WHAT TO DO: From top to bottom, return the listing exactly as it appears, omitting its images.

DATA EXCERPT:
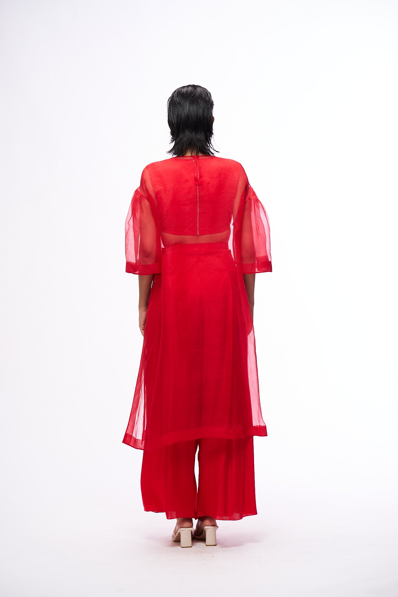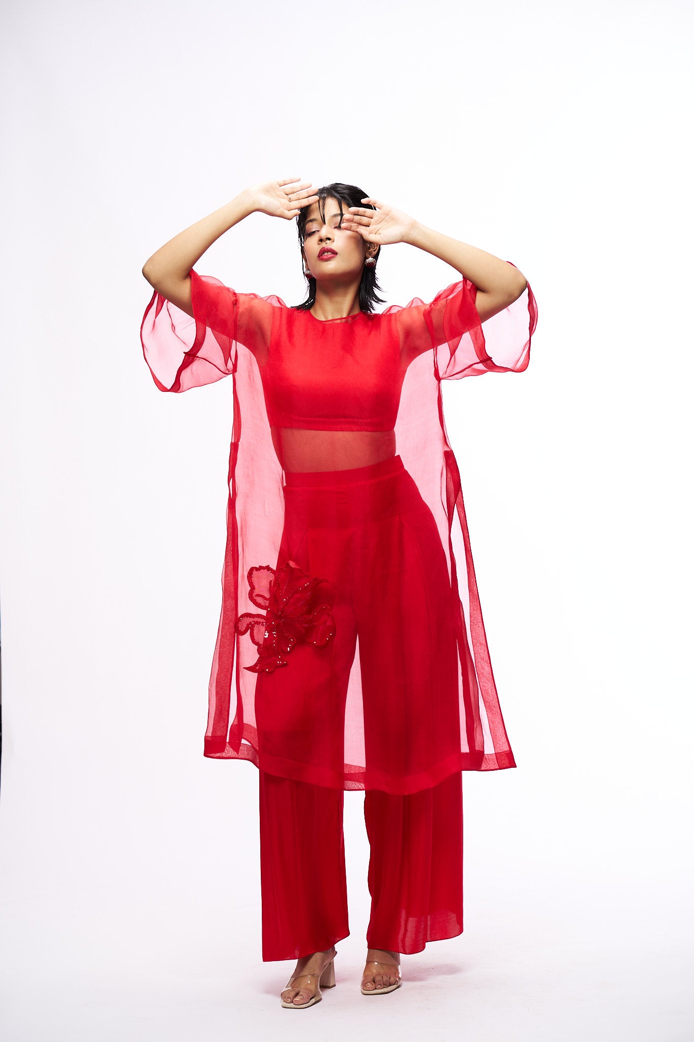 Description - Daisy Red Co-Ord set with Organza Jacket
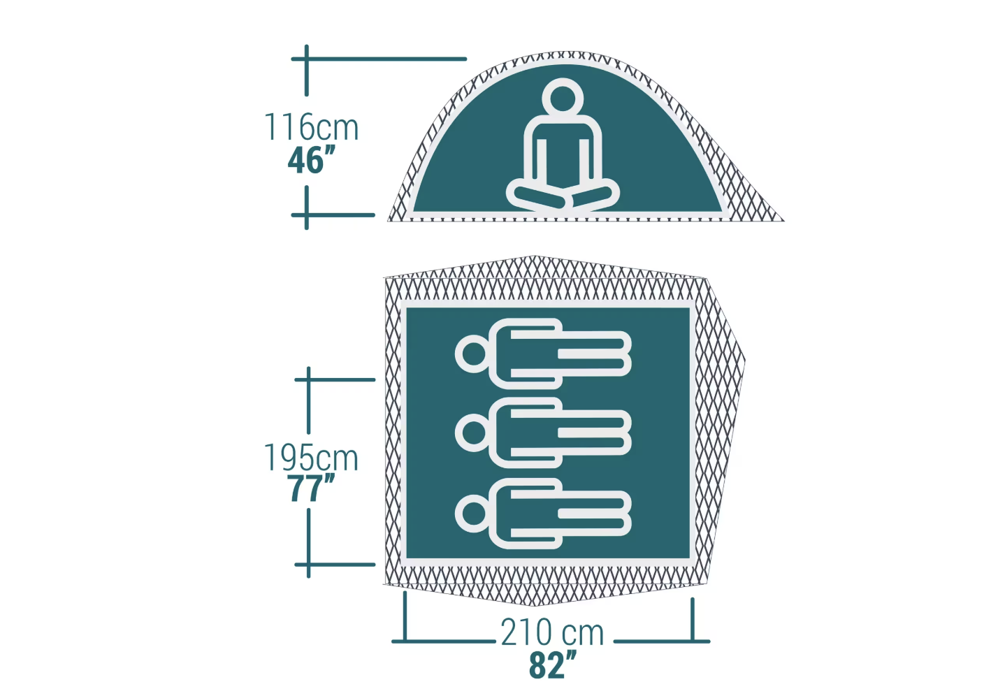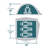 Flysheet > 2000 mm. Groundsheet > 2400 mm rating.
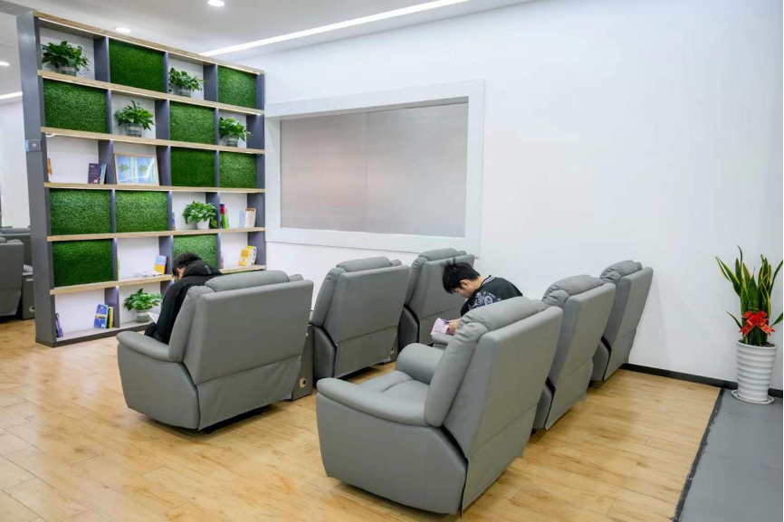 客户休息区备有多种小吃、饮料,还配备了阅读区、观影区、桌上足球,又甚至是竞速模拟游戏机等休闲娱乐区域,保养过程不无聊乏味,并且可以通过手机端,实时查看爱车的维修进度以及状态。

RESPONSE AREA:
 Description - Daisy Red Co-Ord set with Organza Jacket
 Flysheet > 2000 mm. Groundsheet > 2400 mm rating.
 客户休息区备有多种小吃、饮料,还配备了阅读区、观影区、桌上足球,又甚至是竞速模拟游戏机等休闲娱乐区域,保养过程不无聊乏味,并且可以通过手机端,实时查看爱车的维修进度以及状态。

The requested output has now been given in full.